►

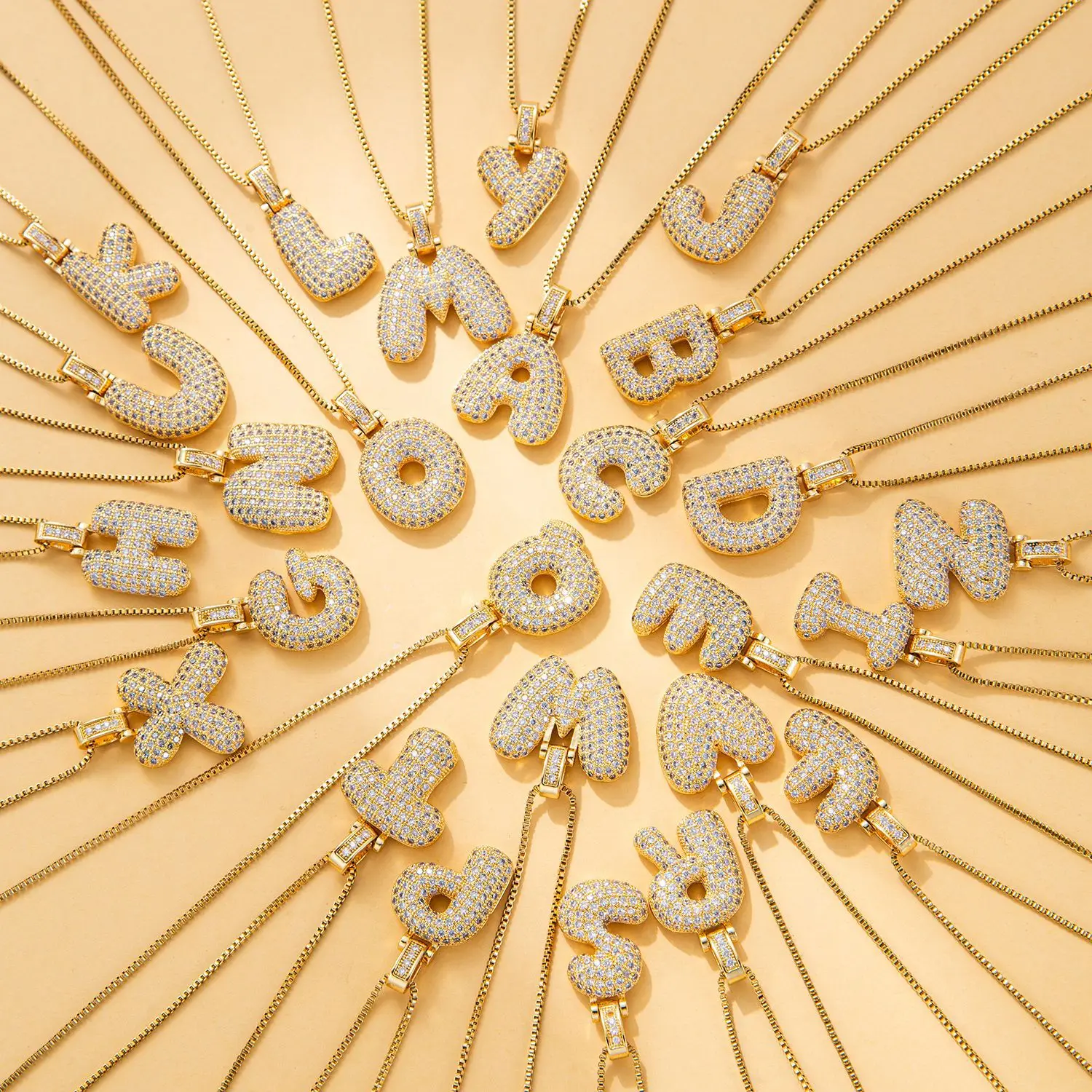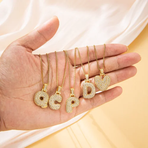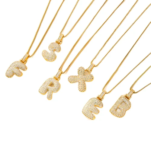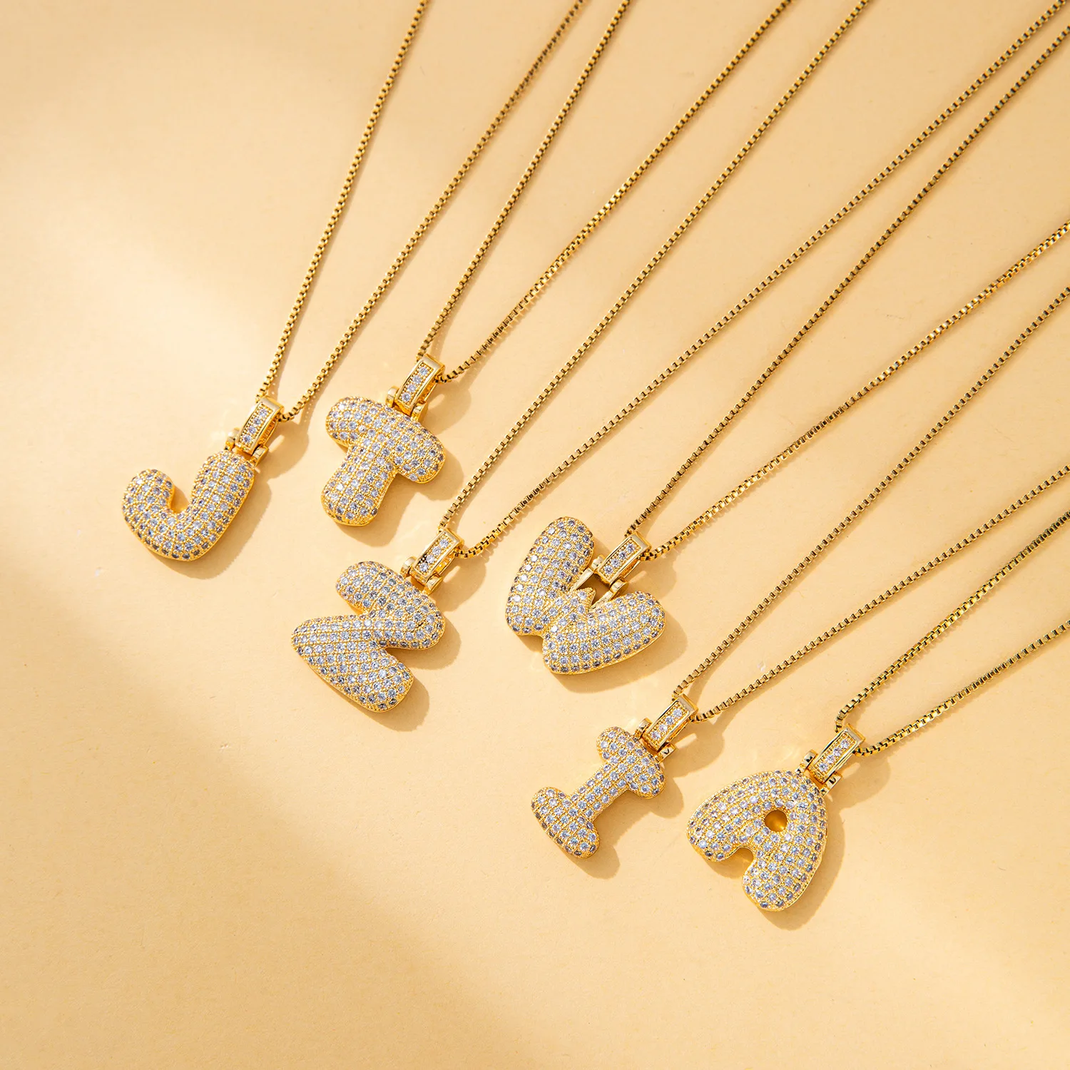 Product Name: Women’s Bubble Letter Necklace Gold Plated Stainless Steel Zircon Chunky Initial Name Balloon Alphabet Pendant Necklace
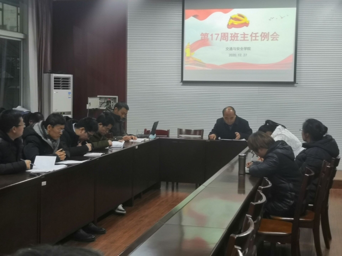 12月27日在B2楼202召开全体班主任例会,本次工作会议由学管老师王明瑞主持,党总支书记张允志出席会议并发表讲话。
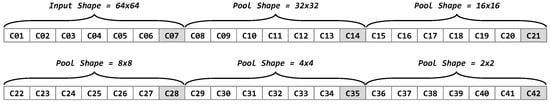 By considering distinct pooling sizes (, , , , and ), the previous structure can be repeated 6 times to form the full representation of the CNN architecture as a vector of 42 elements, as illustrated in Figure 7.
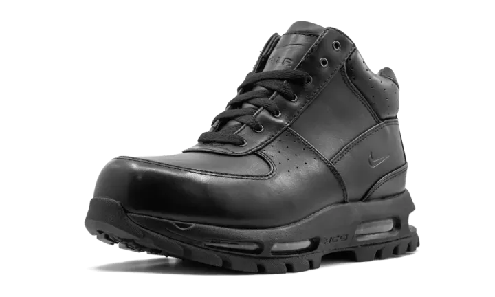 The Nike Air Max Goadome is the perfect footwear choice for the harsh winter months. Part of the Nike All Conditions Gear (ACG) sub-label, the hiking boot is composed of a waterproof black leather upper and sits atop a rugged rubber traction pattern designed with outdoor use in mind. Minimal branding can be spotted on each lateral side in the form of embossed mini Swooshes. A full-length Air Max unit delivers superior cushioning, while a gusseted tongue guarantees maximum protection from the elements.
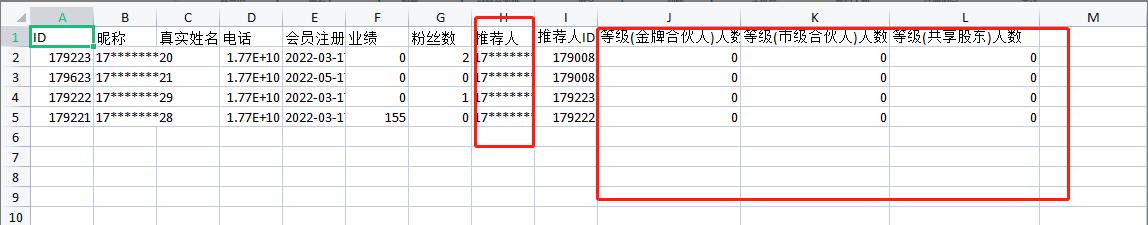 4. 后台团队客户页面:导出增加推荐人、业绩、团队中经销商等级人数显示
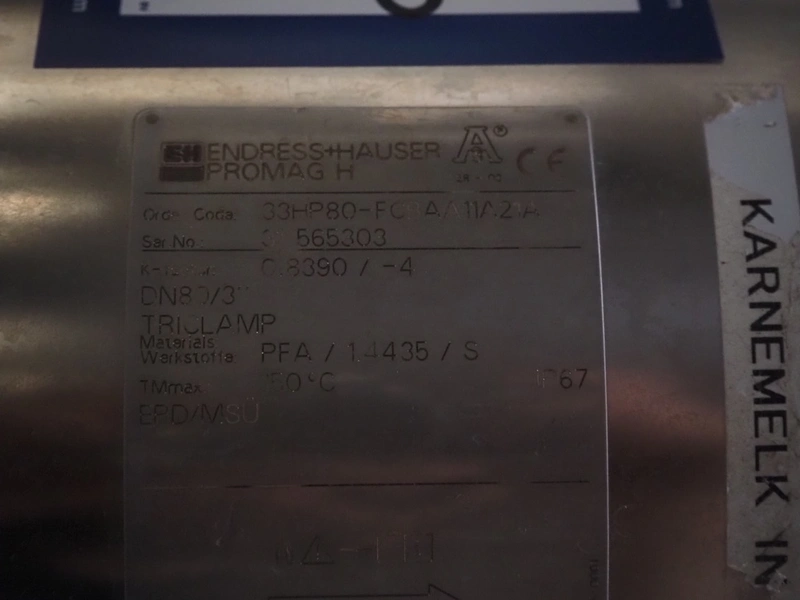 Endress+Hauser flowmeter, type: PROMAG H, DN80 dimensions: 400 mm x 200 mm x 300 mm.

◄

# Assignment:
Return only the line with "4. 后台团队客户页面:导出增加推荐人、业绩、团队中经销商等级人数显示" and the lines after it up to the end of the records, exact and free of pictures.

# Result:
 4. 后台团队客户页面:导出增加推荐人、业绩、团队中经销商等级人数显示
 Endress+Hauser flowmeter, type: PROMAG H, DN80 dimensions: 400 mm x 200 mm x 300 mm.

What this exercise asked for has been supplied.